BRIDGEWATER — It was just past dawn Tuesday, but the sun wasn’t shining through the clouds that hung over Bridgewater as commuters in their cars funneled down Main Street.
Yet, the sun shone through the beaming smiles of several town residents, waving and holding signs outside the Dairy Queen to bring joy to the travelers headed to school and work.
The townsfolk are filling in for one of their own — former councilman and local legend Carlyle Whitelow — who is in the hospital with COVID-19.
“Since he’s not out here, we’ll hold the torch till he can get back out here,” Brenda Johnson said.
On Oct. 4, Whitelow, 89, was oddly absent, Donna Pettit said in between her waves and exclamations of “Good morning” at the passing traffic. Children and adults alike waved, smiled and honked back at the small crowd filling in for Whitelow on Tuesday morning.
“Rain, snow did not ever stop him,” Pettit said.
But since his absence, residents and Whitelow’s fellow Rotarians have been stepping up to spread the joy Whitelow brings to many on their morning commute.
Whitelow has been standing outside the Dairy Queen waving to morning travelers for over a decade, according to his lifelong friend, Glen Thomas, who was outside Dairy Queen Tuesday morning with a sign that read “Get Well Coach Whitelow.”
Before taking up his spot outside the Dairy Queen, Whitelow could be found jogging or biking around the town in the mornings, waving and picking up trash. As he got older, he leans against his blue car parked in the DQ lot while he waves, according to Pettit.
In a 2018 interview, Whitelow said he started his morning ritual at DQ after a now-retired bus driver, Bobby Shank, had asked Whitelow to come and wave along his route since he missed seeing Whitelow riding his bike through the town each morning. From there, he took up his station, bringing smiles to travelers in the Bridgewater morning rush hour.
Whitelow has been gone since he went to the hospital after a fall, and while there, health care workers had found he had COVID-19 and now is battling COVID pneumonia, according to Thomas.
He said family and friends are asking the community to pray for him, and to get vaccinated.
“Just think about the number of people that come by here and wave,” Thomas said as a Rockingham County school bus passed by. “Not many people would do that — sit here every morning and wave to people.”
Whitelow and Thomas grew up together in the southern Rockingham County town throughout the era of segregation.
“It was unusual that Blacks and whites could get together back in those days and just enjoy each other’s company,” Thomas said. “We’d get out on the playgrounds and and play ball together.”
Whitelow joined the Army and then became the first Black athlete in the state to play at a majority white school when he was a running back for the Bridgewater College Eagles in 1955 while studying at the college.
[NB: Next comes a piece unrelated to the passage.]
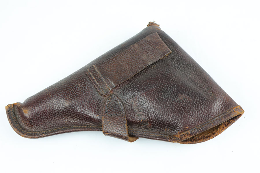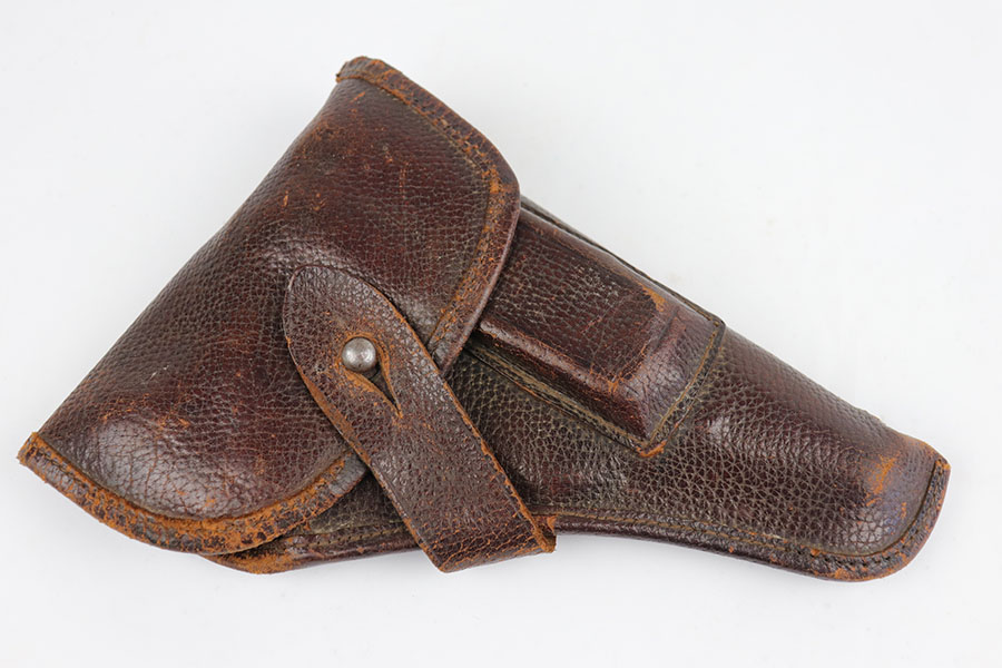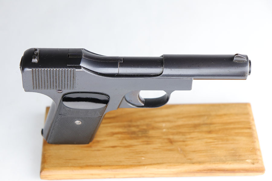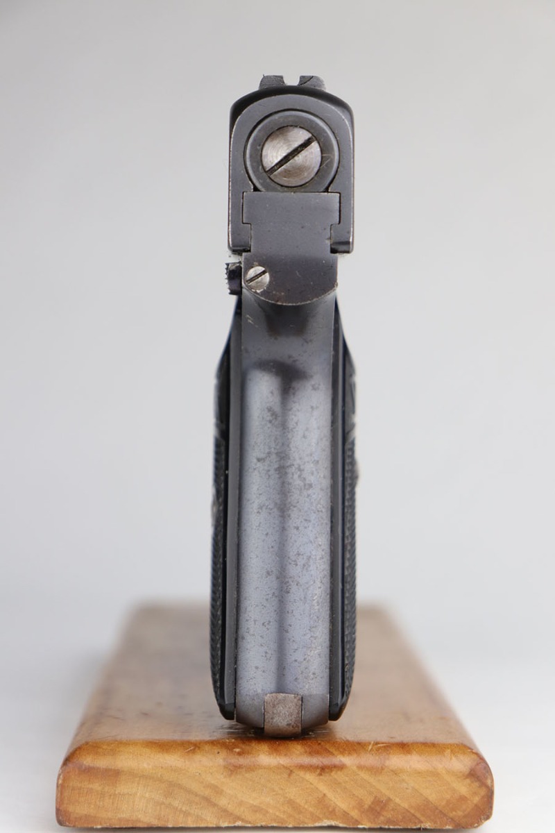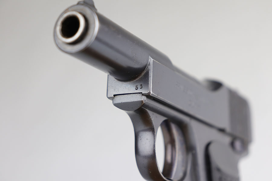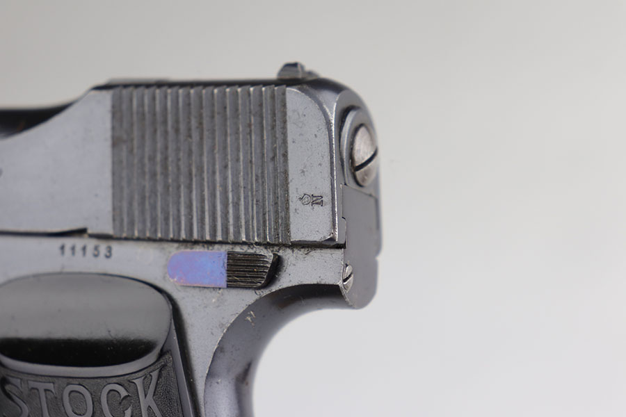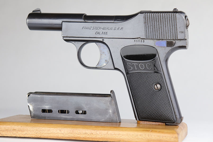 6/25/20 – The Franz Stock pistol was manufactured by a German company Franz Stock Maschinenbau und Werkzeugfabrik in 1921-1932. It was an improved version of Becker & Hollander Beholla pistol. Franz Stock pistols were expensive but due to very high quality they received notoriety as sporting pistols. The only government service of Franz Stock pistols were in Berlin police and Austrian custom service. The main version of this pistol was in .32 caliber; a .25 version was also manufactured in 1923-1925. About 45,000 pistols of both versions were manufactured. This is a Type 1, and only 25,000 of this variant were made. This one has minty original finish with hardly any bluing loss, but a few areas of oxidation. Crown/N proofs on barrel and slide. Excellent original grips. Bore has strong rifling but some freckling in the grooves. Comes with a pebble grain holster that has some obvious wear but no holsters or tears, and is unmarked.

He also ran track and played basketball before he graduated in 1959.
His parents had worked at BC as cooks, according to Thomas.
Whitelow later earned a master’s in supervision and administration from the University of Virginia in 1969 after teaching in Staunton. He returned to BC, where he taught until he retired in 1997.
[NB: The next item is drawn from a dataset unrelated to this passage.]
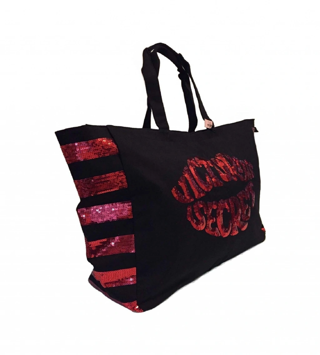 Victoria's Secret Pullu Payet Işlemeli Kadın Plaj Çantası Siyah - Kırmızı

That year, the hometown hero was inducted into the BC Hall of Fame, and nearly 20 years later, in June 2018, the town named Whitelow Park after him.
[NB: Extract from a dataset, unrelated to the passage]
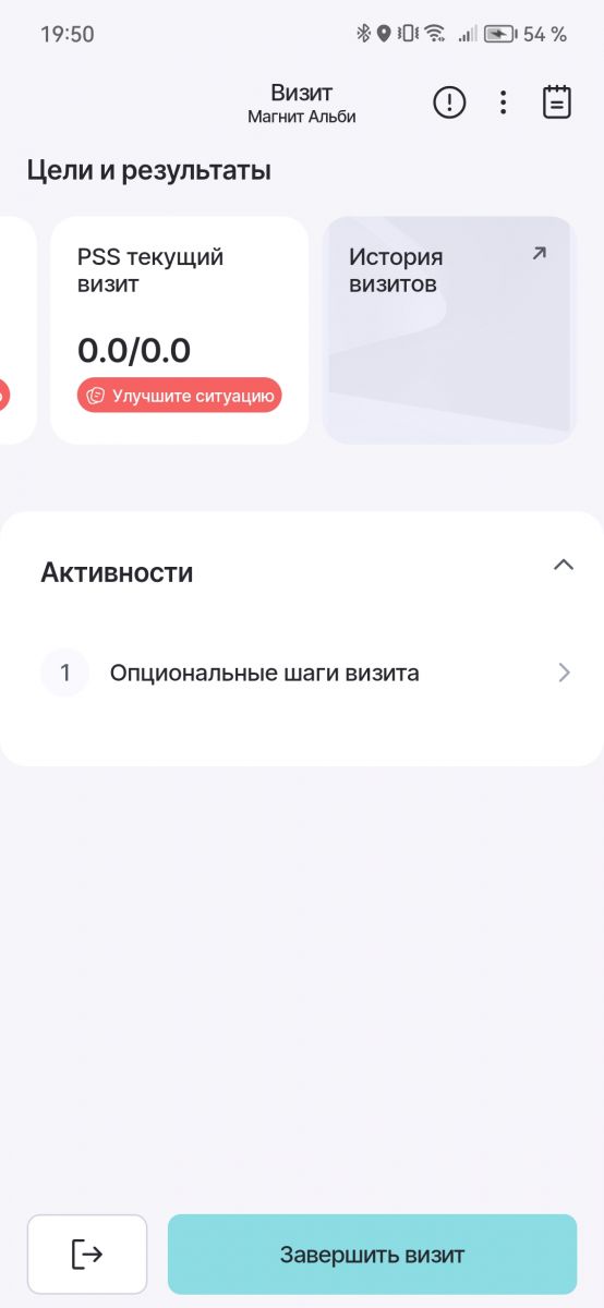 После оформления заказов шаг визита будет отмечен бирюзовой галочкой — он успешно пройден. Значит, можно завершить визит, кликнув по кнопке «Завершить визит»:

Pettit said Whitelow sets an example for children.
“He’s a good example, especially in the world today with all the hate is going on and bullying and everything,” Pettit said.
The kids Whitelow waves to head to school, where his good cheer still follows, according to an administrator.
“People wanting to pick up the torch while Carlyle is unable is a real testament to the impact he has had on our community here in Bridgewater,” Sara Hammill, principal of John Wayland Elementary School just north of Bridgewater, said in a Tuesday email. “His care and positivity set a wonderful example for our students and adults alike.”
Bill Kyger, Rockingham County supervisor and a friend of Whitelow, said Monday he would be out there with the Bridgewater residents too, but he’s at a National Association of Counties conference in Utah.
“The community is rallying around him to pick up where he can’t do so much right now, so everybody else is chipping in,” Kyger said.
Thomas said well-wishers have visited Whitelow at Sentara RMH Medical Center and they exchanged something well-known to Whitelow — a wave of friendship and support.